Columbians Ahead of Their Time
 Georgia O'Keeffe
Georgia O'Keeffe "I decided that if I could paint that flower in a huge scale, you could not ignore its beauty."

Georgia O'Keeffe (1887–1986)
Artist
Teachers College 1914–15

The American artist Georgia O'Keeffe is best known for her large-scale paintings of flowers as well as for the use of color in depicting the vistas and objects of the American Southwest. She first drew attention as a member of the avant-garde movement in New York, rejecting the imitative realism of the 1910s in favor of abstract charcoal drawings, and by the mid-1920s had begun experimenting with the oversized images that would gain her even wider notice. Over the years O'Keefe's career was tirelessly promoted by the photographer and art impresario Alfred Stieglitz, who became her lover in 1918 and her husband in 1924. Stieglitz exhibited O'Keeffe's early work in his New York gallery, and in later years organized annual shows that drew thousands of visitors.
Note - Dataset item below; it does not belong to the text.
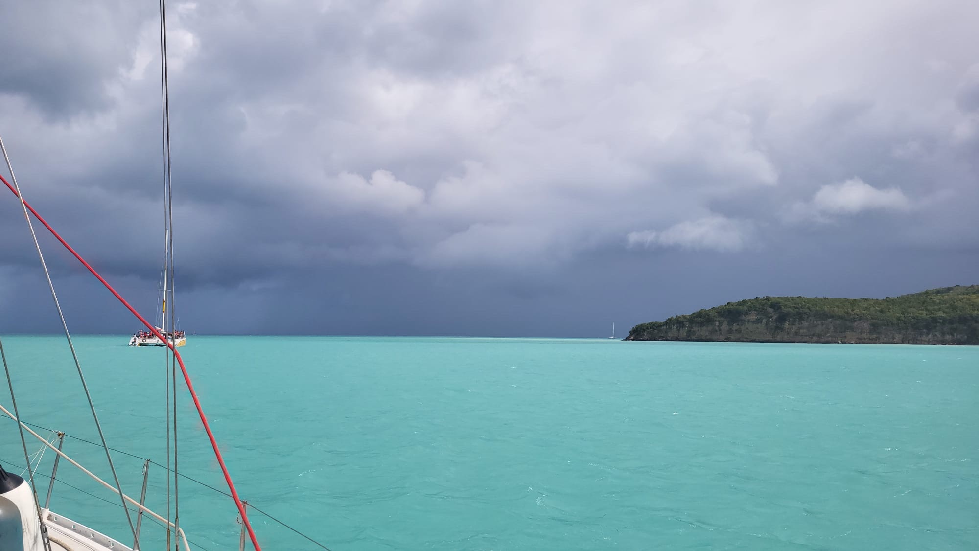 Da es dann deutlich stärker regnet und dabei auch etwas stürmischer weht, beschließen wir nach kurzer Diskussion doch nicht nördlich um die Insel zu fahren, sondern zurück nach Süden zu segeln und auf diesem Weg nach English Harbour zu kommen.

In 1943 the Art Institute of Chicago mounted a retrospective of O'Keeffe's work, and in 1946 she was the subject of the first solo exhibition ever given a woman at New York's Museum of Modern Art. O'Keeffe spent part of each year in New Mexico from 1929 on and relocated to the Santa Fe area permanently in 1949, a few years after Stieglitz's death. There she continued to pursue her signature themes until vision problems forced her to give up the paintbrush in the early 1970s.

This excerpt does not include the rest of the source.